Les 11 janvier 2013 et 21 octobre 2013, D.________ a requis
l'assistance judiciaire comprenant un conseil d'office, en se prévalant de
son impécuniosité et de ses problèmes de santé. Malgré les demandes du
Ministère public, il n'a cependant fourni aucun renseignement sur sa
situation financière.
C.Par ordonnance du 22 octobre 2013, le Ministère public
central, division affaires spéciales, contrôle et mineurs a rejeté la requête
d'octroi d'assistance judiciaire et de désignation de conseil juridique
gratuit de D.________ (I).
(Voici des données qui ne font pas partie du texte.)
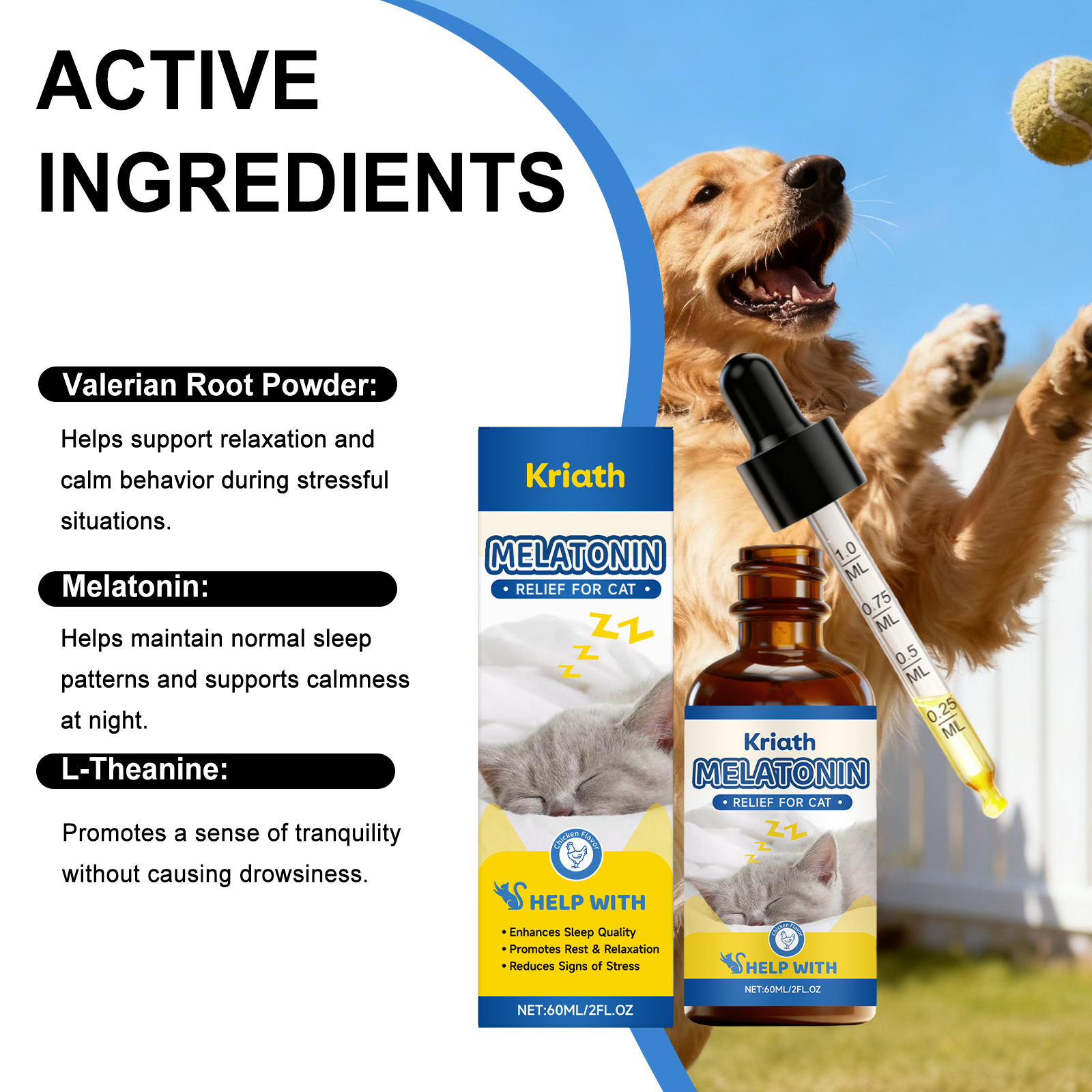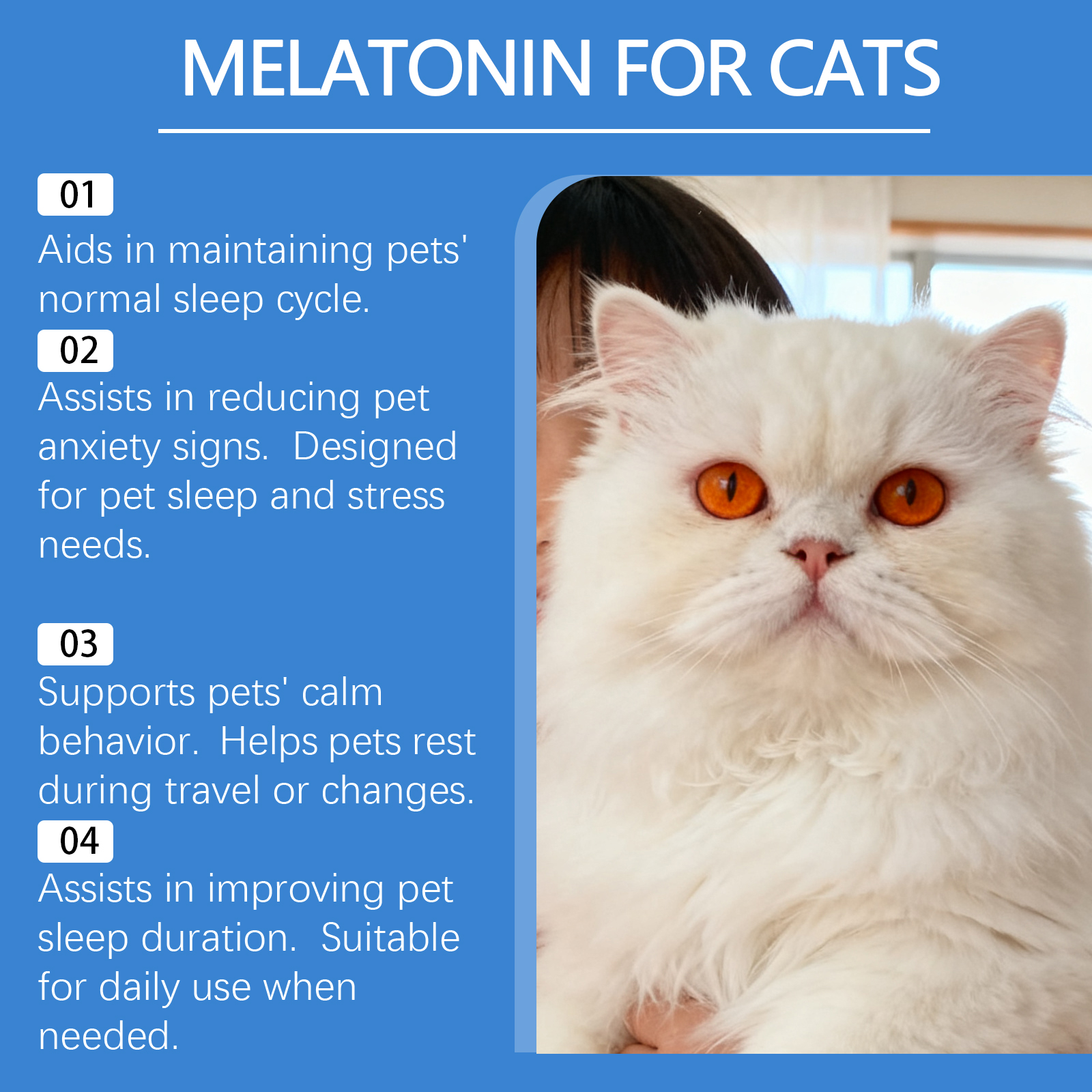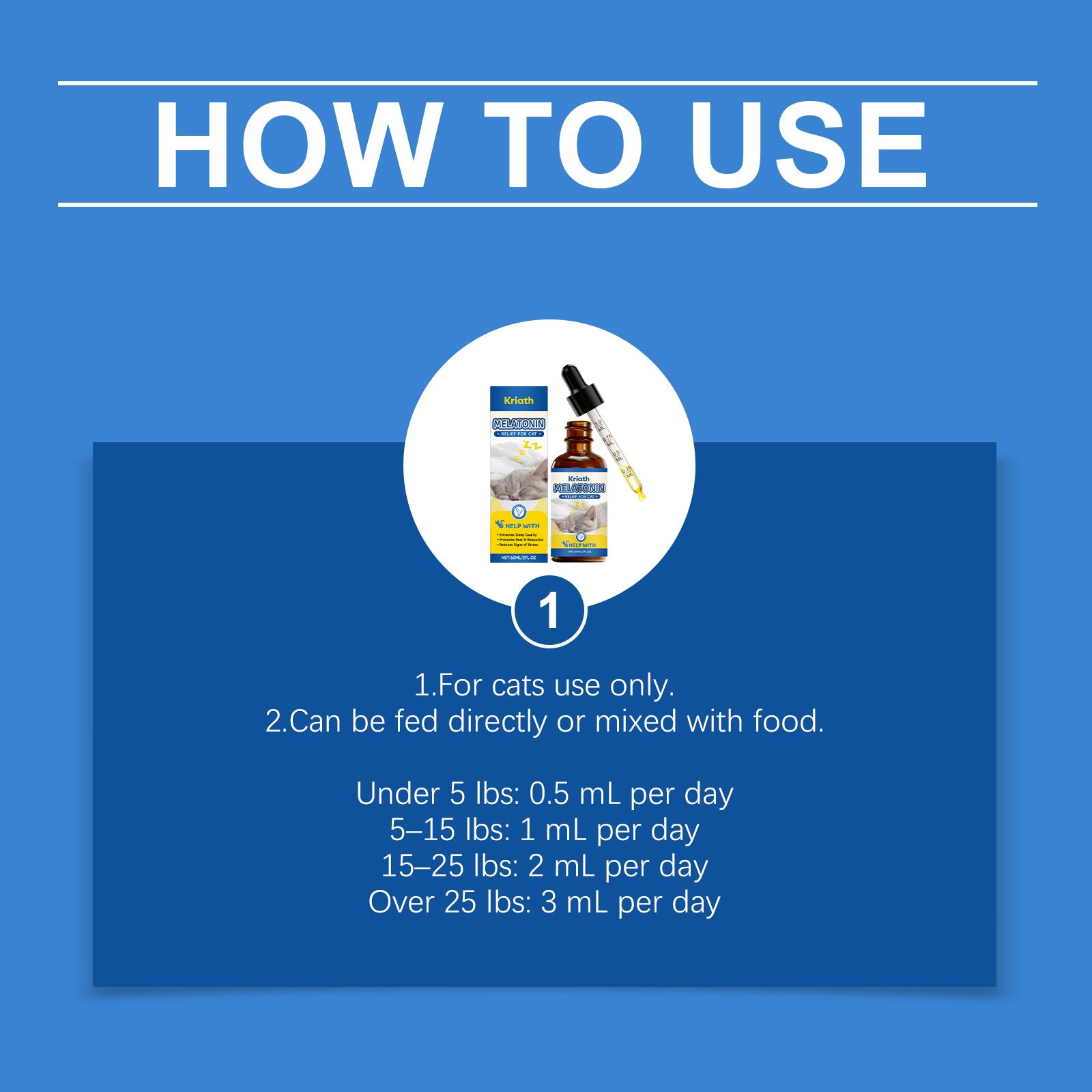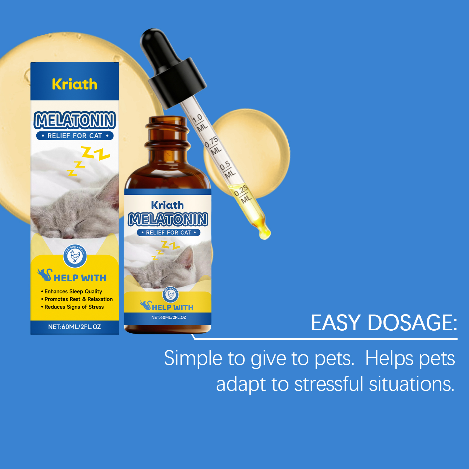 我们的猫用睡眠护理滴剂,由缬草根粉、褪黑激素精心调配而成。专为帮助提升宠物睡眠质量,助力促进宠物休息放松设计。使用方法极为便捷:喂食说明:仅限猫使用。可直接喂食或与食物混合喂食。使用说明:5磅以下:每日0.5毫升,5-15磅:每日1毫升,15-25磅:每日2毫升,25磅以上:每日3毫升。并且它可以协助减轻宠物压力程度,支持维持宠物平静状态。

Il a retenu, en bref, que la cause paraissait
d'emblée dépourvue de chances de succès et qu'en l'état, le plaignant
pouvait parfaitement procéder sans l'aide d'un avocat.
D. Par acte du 4 novembre 2013, D.________ a recouru contre
cette ordonnance, en concluant à son annulation et à la désignation d'un
avocat d'office. Il a fait valoir qu'il n'était pas en mesure de procéder seul
car il souffrait d'un "burn out", invoqué qu'un conseil d'office était
"obligatoire afin que la vérité soit recherchée" et prétendu qu'il risquait
"un non lieu si cette étape de l'instruction était bâclée".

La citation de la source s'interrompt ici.